Write at least 3 anamolies you found and methods you will use to fix those. If there are no anomolies, state so and justify the answer.


##### Write your answer here
There are multiple anomalies which can be seen in the code output. One of which is inconsistent capitailization. This can be fixed through existing functions which can turn the entire column uppercase or lowercase. Additionally, there is inconsistent formatting in the price column, with some values having decimal points and some just being integers. Some regex could be used to fix this. Additionally, DiscountCode and PaymentMethods have null values. While it may be ok to keep empty values for the DiscountCode column, the PaymentMethods column should have no nulls since everyone has to have a payment method in order to use the website.

### Task 1.2 - Clean the file 
Using various data cleaning methods, handle anamolies. Comment each code block to show which one's are cleaned. 

In [7]:
## your code here to fix errors
df_clean = df_raw.copy()

for x in df_clean.columns: 
    if (type(df_clean[x][1]) == str):
        df_clean[x] = df_clean[x].str.lower()   #Fixes inconsistent casing by making all string cols have lowercase values.
        df_clean[x] = df_clean[x].str.strip() #Removes any excess white space.

        

df_clean = df_clean.dropna(subset=['PaymentMethod']) #Dropping columns with no payment method attached since payment method is required to use the website.
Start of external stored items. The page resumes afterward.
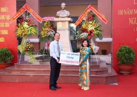 Ảnh: Đồng chí Nguyễn Hồ Hải, Bí thư Quận ủy thay mặt Ban Thường vụ Quận ủy tặng trường trung học phổ thông Nguyễn Văn Linh tượng bán thân Chủ tịch Hồ Chí Minh
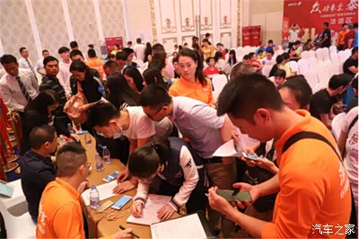 现场的团购仪式正在火热进行中,看来车友们都想早点订到车,都在抢着付钱,下订单,填写个人的信息了。这么多的人,挤得我仿佛以为自己置身在早高峰的公车山。
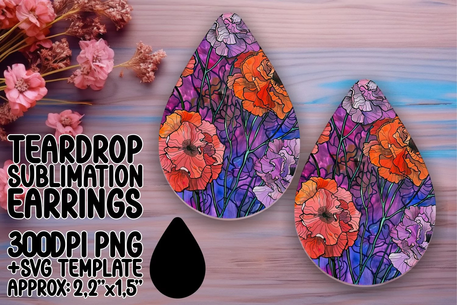 Similar Design Products to Colorful Floral Teardrop Earring Sublimation PNG
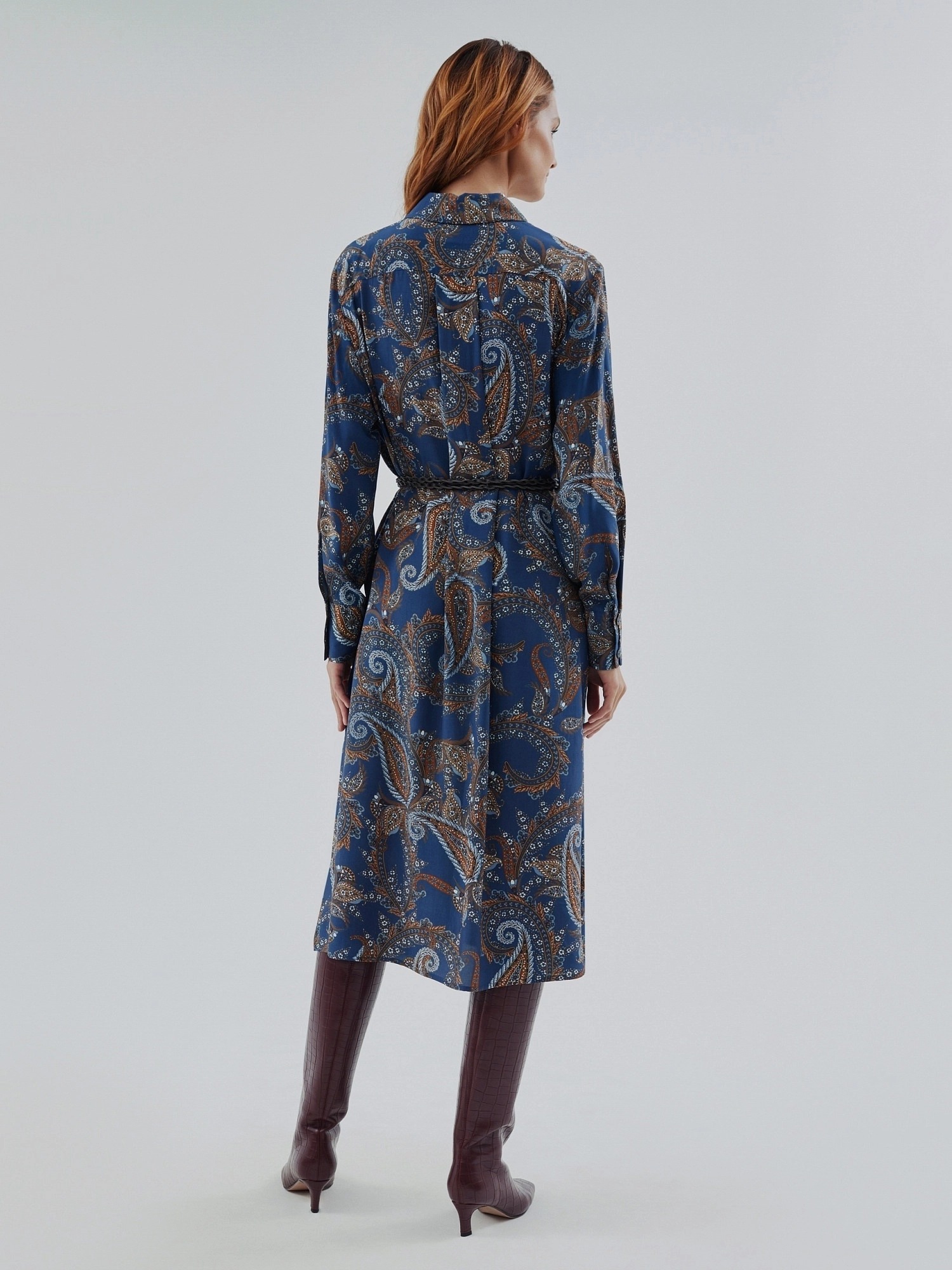Платье-рубашка из 100% вискозы прямого, свободного силуэта длины миди с классическим отложным воротником и втачным рукавом полной длины на манжете. Застежка спереди потайная на пуговицы, по боковым швам разрезы. В комплект входит крученый тонкий пояс из экокожи для создания более приталенного силуэта.
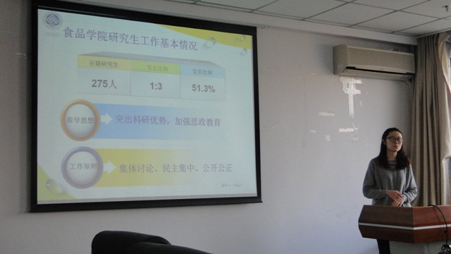 会上,各学院辅导员依次以ppt方式回顾了本学期的工作。食品学院以“突出科研优势,加强思政教育”为指导思想,通过分阶段、分层次、分专业工作模式,强化研究生的科学道德教育;结合学院专业特色,优化支部结构,创新性地把党支部建在学科专业点上,力求做到研究生党员培养全覆盖。材机学院坚持“搭桥梁、树形象、全覆盖、定方向”四步走,利用导师资源拓展学生成长教育的平台。计信学院积极寻求工作创新点,充分利用新媒体搭建就业资讯共享平台,在学院设立“就业墙”,及时跟踪反映每周各班签约动态情况,并对签约学生进行采访,分享求职优秀经验。经济学院则在管理规范化、服务精细化方面不断努力,力求各项工作让师生满意等。总体看来,各学院研究生辅导员能够适应新的岗位,态度认真、主动性突出,较好地完成了各项工作和任务,有的学院还结合学院特点开展了创新性工作。通过汇报,各学院对学期工作进行了梳理,加强了工作交流。
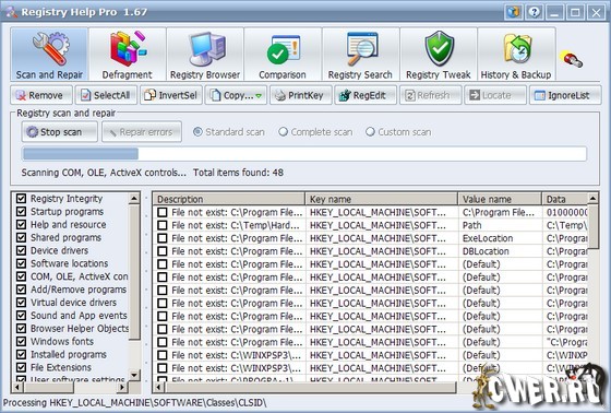 jv16 PowerTools - одна из лучших программ для работы с системным реестром. Включает в себя инструменты для работы с реестром: мощный менеджер реестра - позволяет работать со списком программ из автозагрузки и деинсталляции, со списком зарегистрированных в системе типов файлов, расширений, контекстным меню IE (с тем, в которое часто вставляют свои пункты менеджеры закачек) и некоторыми другими. Этот менеджер часто помогает вручную удалить остатки после автоматической очистки реестра программы. Возможно использование в локальной сети.
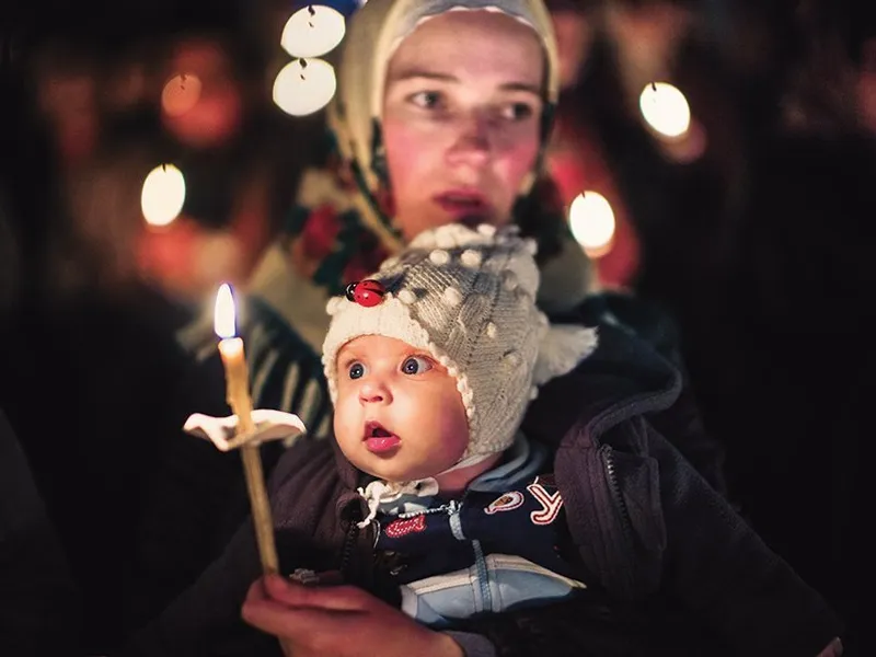 Tânără pregătindu-se să plece la slujba de duminică, în satul Săpânța

df_clean['DiscountCode'] = df_clean['DiscountCode'].fillna('no_code')    #Replaces null values for DiscountCode with a filler value since a discount code isn't neccessary.

df_clean['Price'] = df_clean['Price'].replace('free', 0)
df_clean['Price'] = df_clean['Price'].astype(float).astype(int)               #Gets rid of string values in price and sets all prices to a consistent format.

df_clean['InstructorName'] = df_clean['InstructorName'].replace('dr emily zhang', 'dr. emily zhang') #Sets instructor names to consistent format.

df_clean['EnrollmentStatus'] = df_clean['EnrollmentStatus'].replace('actve', 'active') #Replaces some of the messy status values.

df_clean['OrderID'] = df_clean['OrderID'].astype(str) + "_" + df_clean['OrderDate'].astype(str) #Makes all OrderIDs unique.


### Task 1.2 Save the Cleaned File

<b>Create a local data folder</b> and save the cleaned file <b>data/EduTrack_Enrollments_Cleaned.csv</b>. Note that the file should be stored locally in the data folder in your lab folder.

In [8]:
import os

if not os.path.exists('data'):
    os.makedirs('data')


df_clean.to_csv('data/EduTrack_Enrollments_Cleaned.csv', index=False)



## Part 2 – Design a Normalized Schema (25 pts)

In this section, you should:

1. Identify functional dependencies
2. Propose tables (name, columns, primary key, foreign keys)
3. (Optionally) sketch an ER diagram on paper and upload/attach separately as a pdf file to lab folder. An ER diagram (Entity-Relationship diagram) is a visual representation of the data model for a system. It shows the entities (things you want to store data about), their attributes (fields/columns), and the relationships between those entities.

Use the markdown cell below to document your design before implementing it in SQL.


### Task 2.1 Your Design

Identify the key functional dependencies in the raw dataset by listing which attributes determine others (e.g., student email determines student name and city, course code determines course title, etc.) and briefly justify each dependency based on real-world logic. Using these dependencies, they should then propose a normalized database schema by defining several tables (typically Students, Instructors, Courses, and Enrollments), and for each table specify the columns with data types, the primary key, any foreign keys and their references, and a short explanation of how the table removes redundancy or prevents update, insert, and delete anomalies. The goal is to produce a clear, well-reasoned 3NF design that reflects the entities and relationships present in the messy source data.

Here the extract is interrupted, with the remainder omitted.